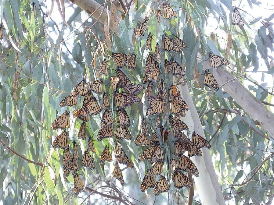 This page, above Monarchs cluster on Eucalyptus trees in Huntington Central Park, Orange Co., CA. Dec 12, 2016.
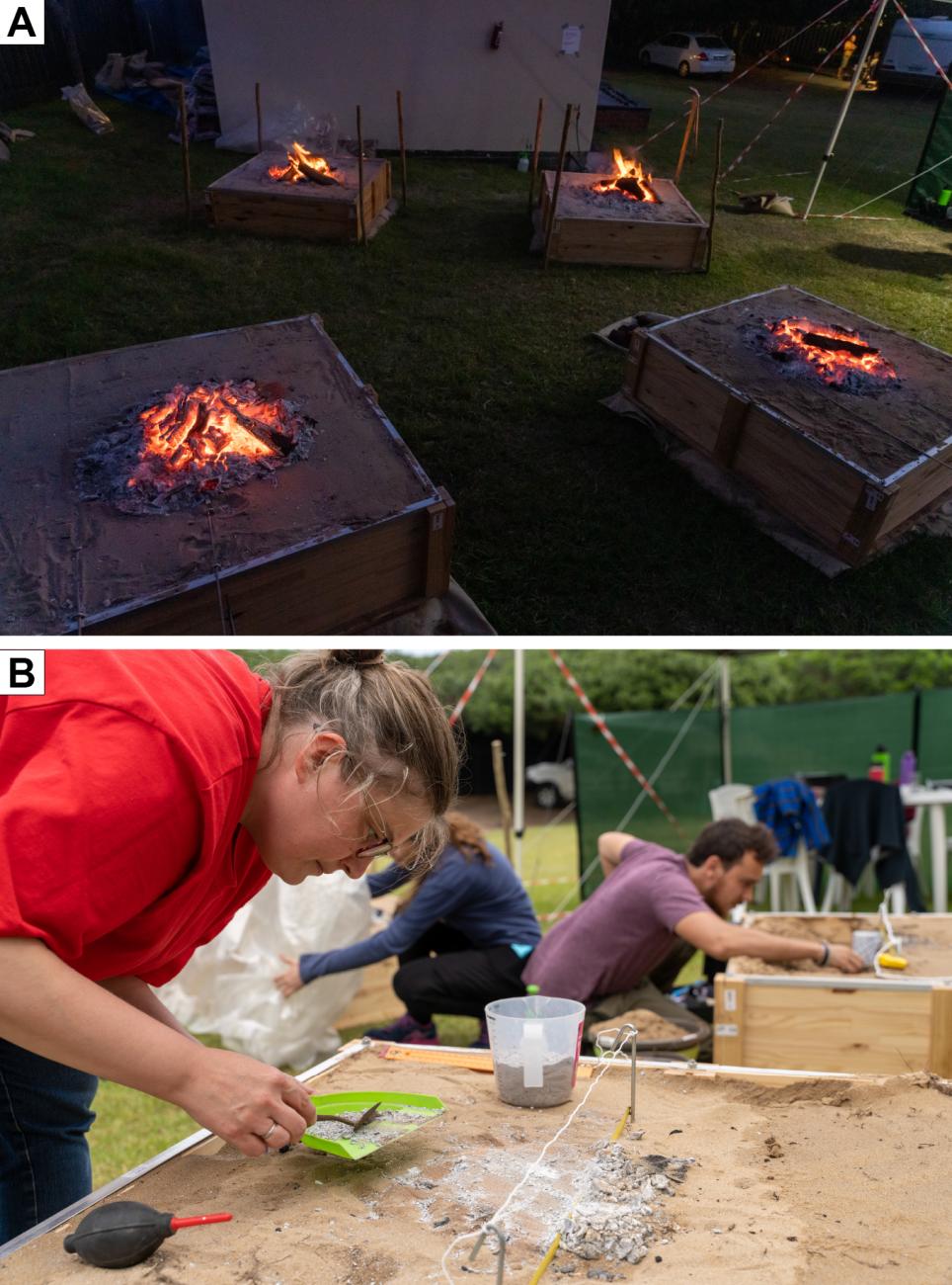 Archaeologists have approached the complex nature of prehistoric combustion features from multiple analytical perspectives and have adopted physical and behavioural hearth formation models from a range of fields, including ethnography, geoarchaeology, palaeobotany, faunal taphonomy, material science, and social theory. Particularly within Palaeolithic research, there has, during the last decade, been an increased focus on the use of pre-arranged actualistic fire experiments in order to better understand how different hearth features are formed and to assess which variables govern the process (Aldeias et al., 2016; Aldeias et al., 2019; Bentsen, 2012; 2013; Hoare, 2020; Mallol et al., 2013a; Mallol et al., 2013b; Miller and Sievers, 2012; Sievers and Wadley, 2008). While these experiments have provided a wealth of new and important information, most of them have been designed and executed by few participants and within a limited analytical framework to allow for stricter control of specific variables. The focus of most actualistic experiments has, consequently, been on a single activity or a carefully chosen process. The limited range of activities represented in each study, unfortunately, excludes the possibility of conducting more comprehensive analyses of the combined effect of simultaneous fire-related actions. Furthermore, inter-experimental comparison between analytically narrow and highly specialized fire experiments may not always be possible due to variations in documentation and sampling methods.
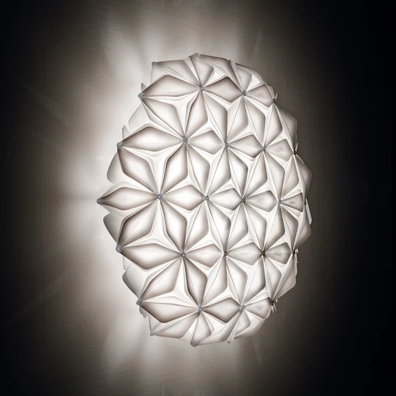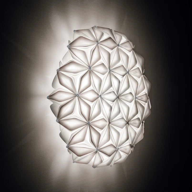 Plafonnier unique La Vie - inspiré par la fleur de la vie Avec un langage symbolique efficace, le plafonnier La Vie est synonyme d'énergie et d'harmonie - le luminaire s'inspire de la fleur de la vie et séduit par ses éléments délicats, pliés à la main. De nombreuses fleurs donnent naissance à un motif captivant qui assure des effets lumineux tout aussi captivants. Le fabricant italien de luminaires Slamp, dont le siège est à Rome, est synonyme de durabilité et d'unicité, ce qu'il a une nouvelle fois prouvé avec cette série de luminaires. Le caractère unique des créations de Slamp est dû à l'utilisation de technopolymères nobles et résistants à la rupture, à partir desquels des matériaux brevetés et innovants ont été développés. Pour La Vie, ce sont Lentiflex® et Opalflex® qui sont utilisés. Deux matériaux très flexibles, résistants et légers, dont les déchets sont recyclés. Grâce aux éléments en verre, l'abat-jour du luminaire est plus transparent et plus brillant, ce qui confère à la lumière un effet particulier. Pour que la lumière, plutôt ponctuelle, puisse être largement diffusée et créer un éclairage global, les différents connecteurs ont été pliés et fabriqués selon un angle d'inclinaison spécial. Grâce au support magnétique et aux connecteurs fabriqués à la main, l'utilisation de vis et de colle est évitée et le remplacement des ampoules (non incluses) et le nettoyage sont facilités. La Vie peut également être installée comme applique murale.
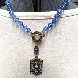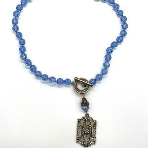 Heidi Daus “Classic Edition” Swarovski Crystal Vintage Blue toggle necklace EUC
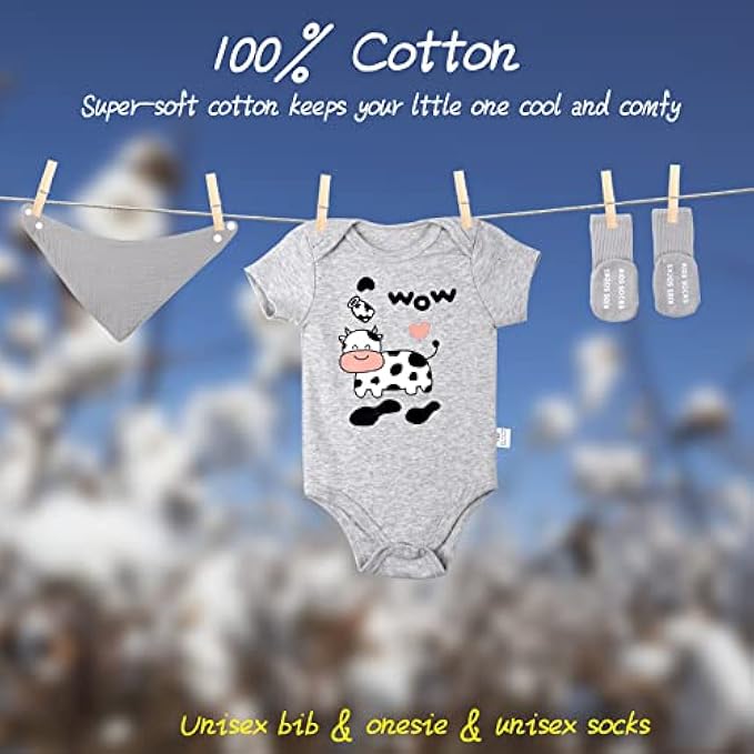 【Suitable for baby boys or baby girls】the neutral colors of our baby socks, onesies, hats and bibs make choosing newborn gifts easy! They are made of 100% nature material, that are very soft. The unique design bwill put a smile on everyones face. Ideal gifts following pregnancy announcement photo shoots!
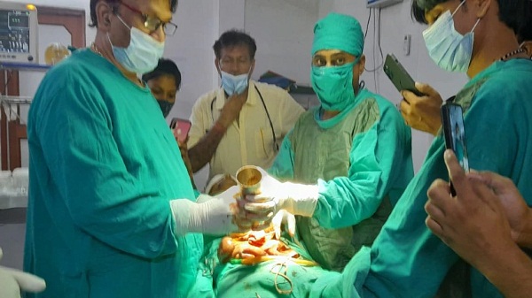 जिसमें उन्होंने एक गिलास जैसे आकृति दिखाई दी, उसके बाद डाक्टर उसे निकालने का प्रयास किया करीब एक घंटे तक डाक्टर ने ऑपरेशन किया. इस दौरान जब डाक्टर ने पेट में चीरा लगाया तो उन्होंने एक ग्लास दिखा, जिसके बाद डाक्टर ग्लास निकाला, अभी मरीज का आईसीयू में रखा गया, अभी भी उसकी हालत
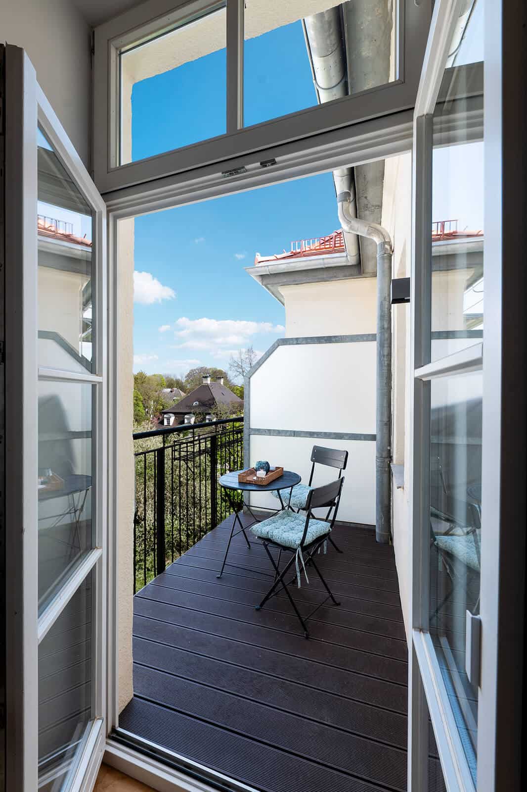 Die rund 106 m² verteilen sich auf drei Zimmer mit Raumhöhen von bis zu 3,26 Metern, eine Großzügigkeit, die man heute kaum noch findet. Das original erhaltene Eichen-Fischgrätparkett, die weißen Kassettentüren mit ihren goldenen Messingbeschlägen und die feinen Stuckdetails erzählen die Geschichte des Hauses. Die 2024 vollzogene Modernisierung antwortet darauf mit klarer Formensprache und höchster Materialqualität – ohne die Seele des Gebäudes zu berühren.
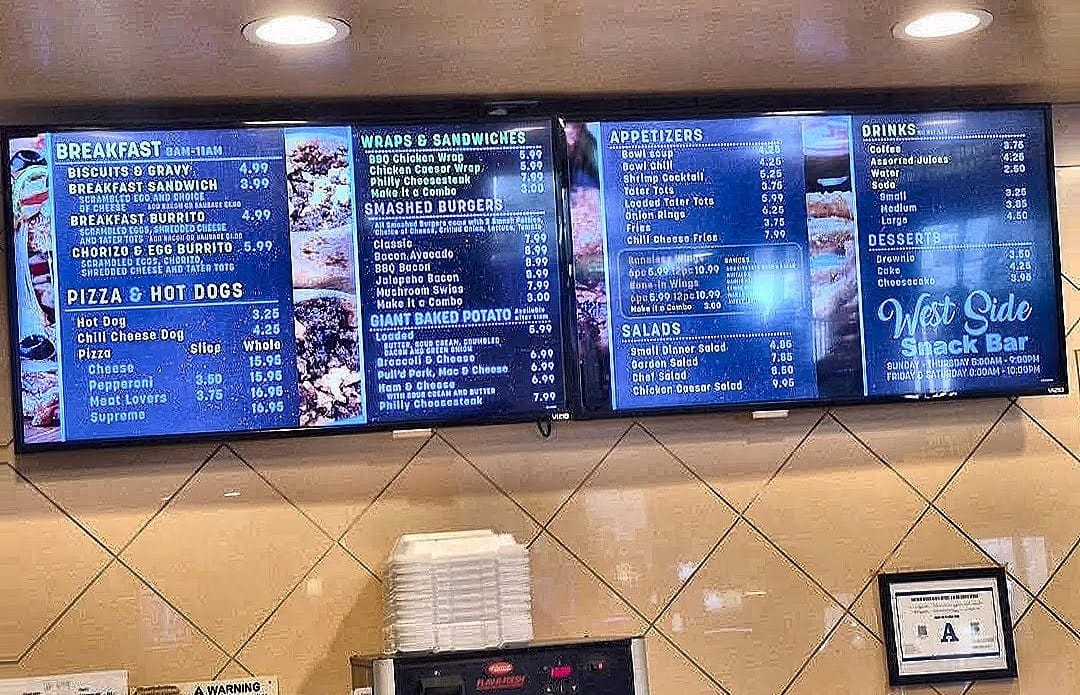 As of March, the West Side Snack Bar located in the Casino West area of the Riverside Resort has a new menu. A local favorite, Krispy Krunchy Chicken is no longer there, but they have many new items including Giant Baked Potatoes, Smashed Burgers, Pizza, and Several Breakfast Items. All at great prices too!
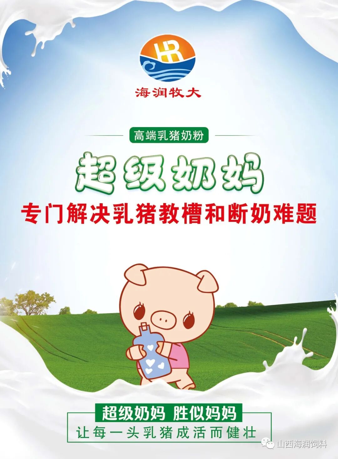 海润牧大推出了“超级奶妈”高端乳猪奶粉。专门针对断奶日龄早、母猪奶水少,断奶后乳猪不吃或者吃的少的弱猪,早期抓猪育肥的小猪。从源头抓起,有效解决养殖过程中的上述烦恼。
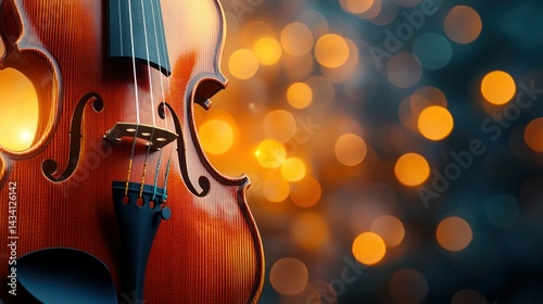 Violin on a bokeh background. A classic stringed instrument, polished wood, warm lighting, and out-of-focus lights create a beautiful image
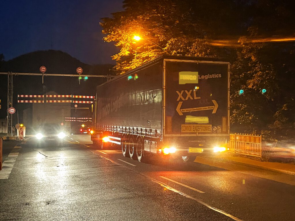 Immer wieder versuchten Lkw die Umleitung zu umgehen, bis sie vor der Höhenbegrenzung auf der Bundesstraße rückwärts rangieren und drehen mussten, wie hier ein Laster am 23. September 2023. Foto: Carsten Menzel
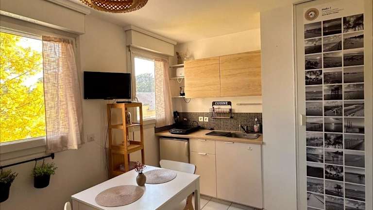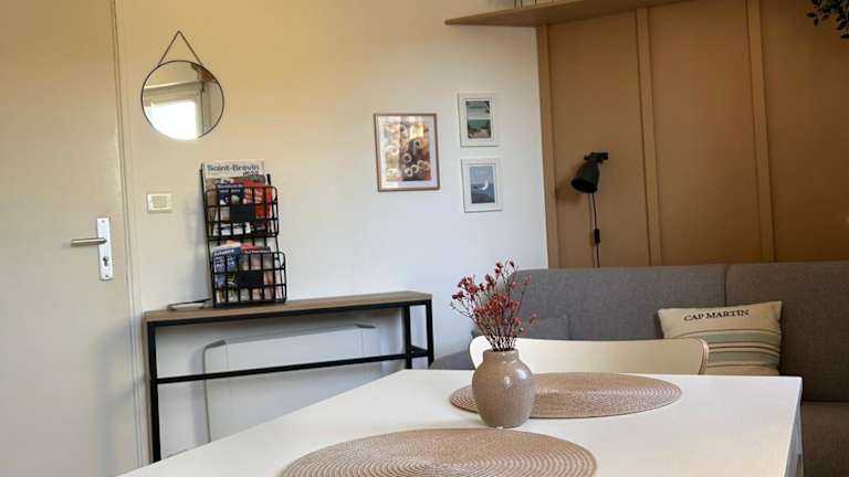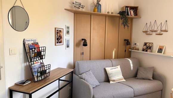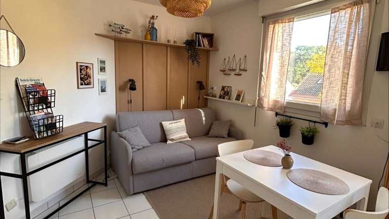 Die Unterkunft befindet sich in Saint-Brévin-les-Pins, nur 50 Meter von der Strandpromenade entfernt und in der Nähe mehrerer Strände, darunter Plage des Pins (700 m) und Plage des Rochelets (1,6 km). Weitere sehenswerte Orte wie Ecomusée (15 km) und Château de Pornic (16 km) sind ebenfalls in der Nähe. Der Bahnhof Saint-Nazaire liegt 14 km entfernt, während der nächste Flughafen, der Flughafen Saint-Nazaire Montoir, in einer Entfernung von 11 km zu finden ist.
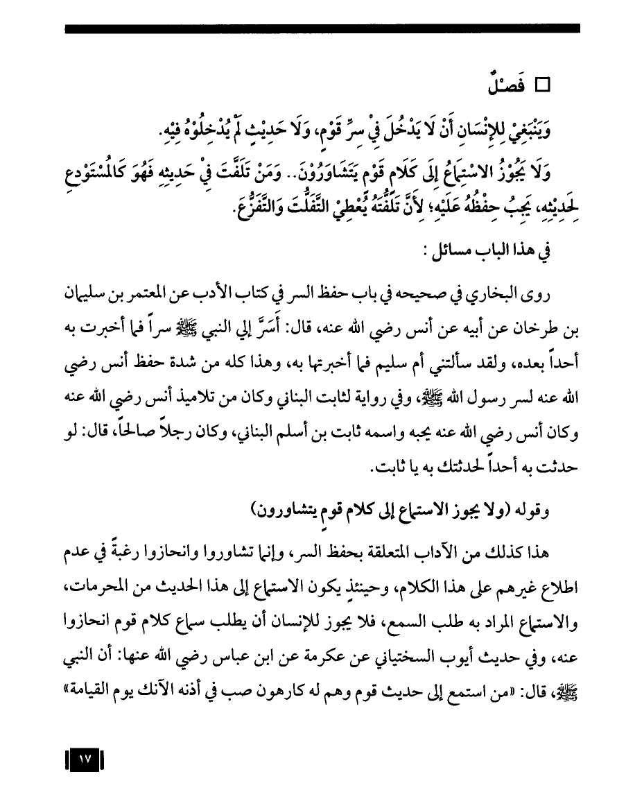 وقوله: (ولا يجوز الاستماع إلى كلام قومٍ يتشاورون).
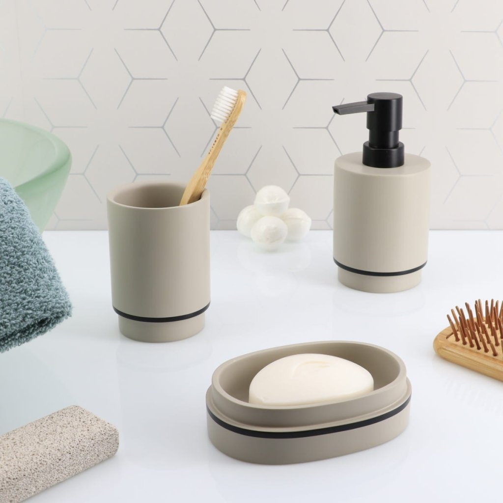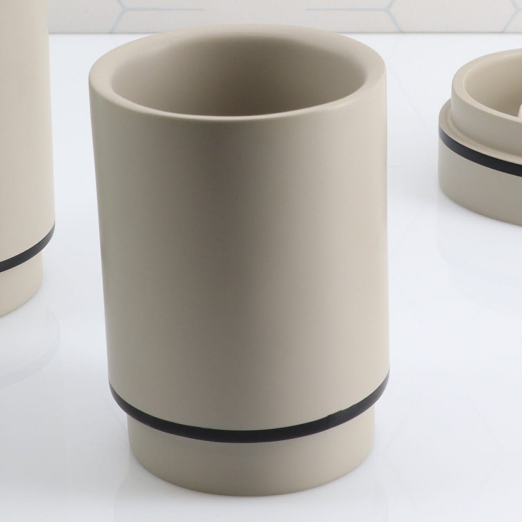 Koupelnový pohár Longan, béžová/s černými prvky
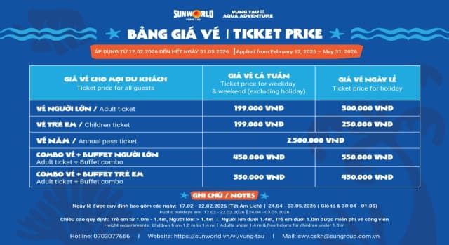 Ngày 5/2/2026, công viên thứ 9 của tập đoàn Sun Group - Sun World Vung Tau chính thức mở bán vé trên website https://booking.sunworld.vn. Với mức giá chỉ từ 199.000 đồng/người, du khách đã có thể thỏa sức trải nghiệm 100 trò chơi nước cảm giác mạnh thiết lập nhiều kỷ lục thế giới, châu lục và lần đầu tiên có mặt tại Việt Nam.

Task objective
The lines from the one containing "Koupelnový pohár Longan, béžová/s" through the final line of the data are to be repeated exactly, with both ends included and all pictures left out.

Output of the exercise
 Koupelnový pohár Longan, béžová/s černými prvky
 Ngày 5/2/2026, công viên thứ 9 của tập đoàn Sun Group - Sun World Vung Tau chính thức mở bán vé trên website https://booking.sunworld.vn. Với mức giá chỉ từ 199.000 đồng/người, du khách đã có thể thỏa sức trải nghiệm 100 trò chơi nước cảm giác mạnh thiết lập nhiều kỷ lục thế giới, châu lục và lần đầu tiên có mặt tại Việt Nam.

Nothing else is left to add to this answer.